Configure Login Authentication Mode

Before you begin

Only admin users can perform this procedure.
The TACACS+ host must be configured on the 9920 device.

About this task

Perform this procedure to configure TACACS+ as the primary source of authentication and the local-auth-fallback as the secondary source. For additional information, see TACACS+ Configuration.

Procedure

Enter the Config mode.
```
device(config)# 
```
Configure the login authentication mode.
```
device# configure terminal
device(config)# aaa authentication login tacacs+ local-auth-fallback
device(config)# aaa accounting all default start-stop tacacs+
device(config)# tacacs-server host 1.2.3.4
device(config-tacacs-config)# plain-key testing123
```
For more information on the aaa authentication command, see Extreme 9920 Software Command Reference, 21.2.1.0 .

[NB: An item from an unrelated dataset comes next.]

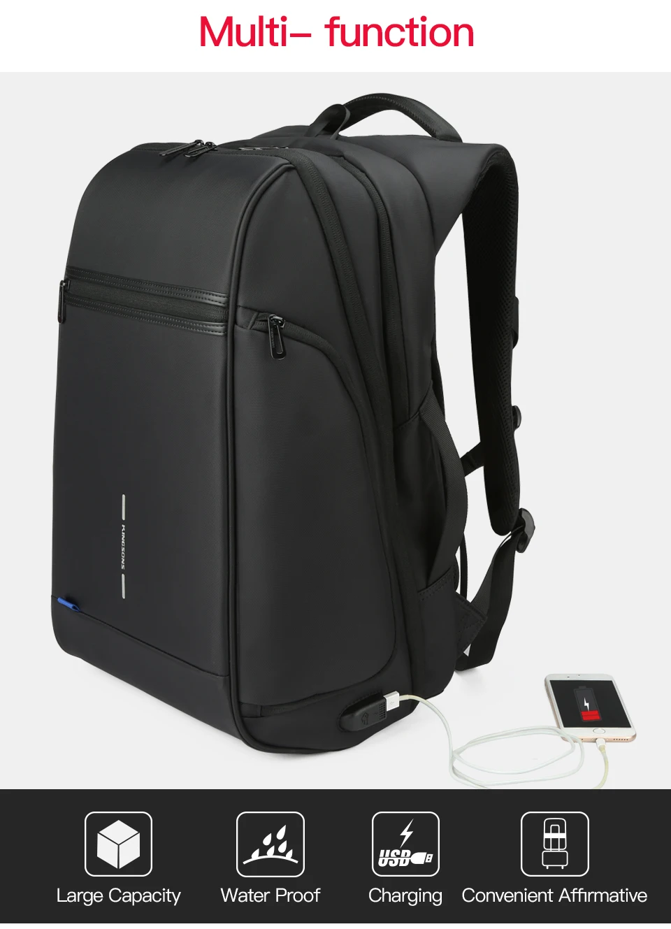 Рюкзак Kingsons для 15-17-дюймового ноутбука с внешней USB-зарядкой, рюкзаки для компьютера 2020, большие водонепроницаемые сумки с защитой от кражи для мужчин и женщин
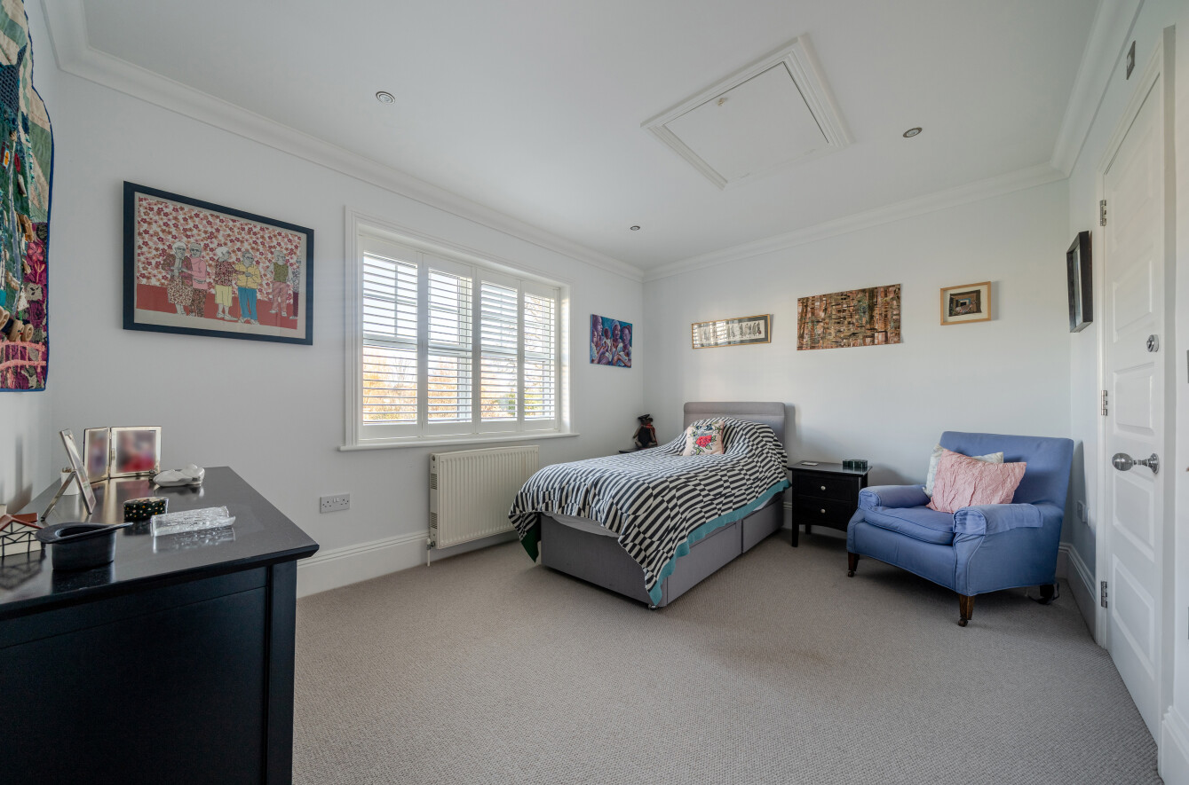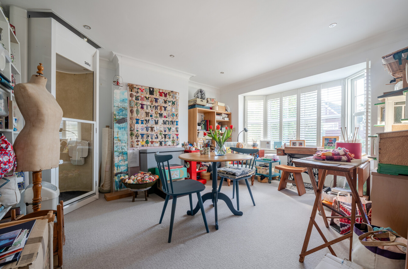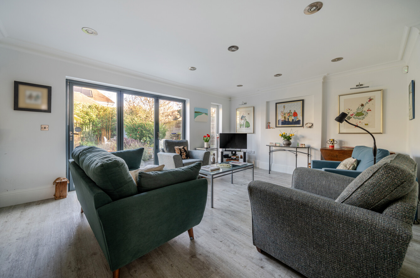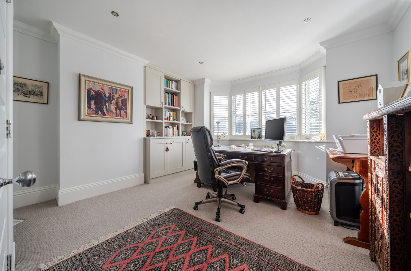The property has been comprehensively improved to seamlessly blend its original character with an array of contemporary features. A standout aspect is the highly flexible arrangement of reception rooms on the ground floor, offering exceptional versatility. The layout lends itself to grand-scale entertaining, while two additional reception rooms provide more intimate spaces ideal for relaxing or enjoying family life. At the heart of the home is a well-appointed kitchen/dining space, fitted with a range of high-quality appliances and forming the central hub of the property. Both the dining room and family room benefit from bi-fold doors opening onto a beautifully landscaped yet manageable rear garden. The dining room is particularly impressive, featuring contemporary glazed corner doors and a striking vaulted atrium ceiling that floods the space with natural light and effortlessly connects indoors with out. The home features a convenient utility room and a spacious laundry room, providing plenty of extra storage for all your essentials. The first floor offers three generous double bedrooms each served by its own en-suite bathroom and a fourth double bedroom with a lift currently used as a study. The bedroom layout allows the principal suite to be privately positioned, complete with a walk-in dressing room and balcony. All bathrooms are finished to an excellent standard with modern suites, while two retained balconies, accessed from the dressing room and landing, provide attractive rooftop views to the front of the property.

Authentication is attempted first with the TACACS+ server. If that fails, authentication is attempted with the local database.

View the configuration.

device(config-tacacs-config)# do show run
username testuser2 role user password $6$salt$cevuzTZ/QBjzuZG0/ebEeedmcTnhyM8ITUu8K032Cp2XvIibq7voqYagm18bwpLBqrg/l/l6YxTmKKibJz5r10
tacacs-server host 1.2.3.4
  encrypted-key QjQkJLQUF3ncI1ooQCOaoEsBn5epVI3GsQwFD6i_BW
aaa authentication login tacacs+ local-auth-fallback
aaa accounting commands default start-stop tacacs+
interface ethernet 1/2
  shutdown
interface ethernet 2/2
  shutdown

Log into the device using an account with TACACS+-only credentials to verify if the login authentication mode is configured.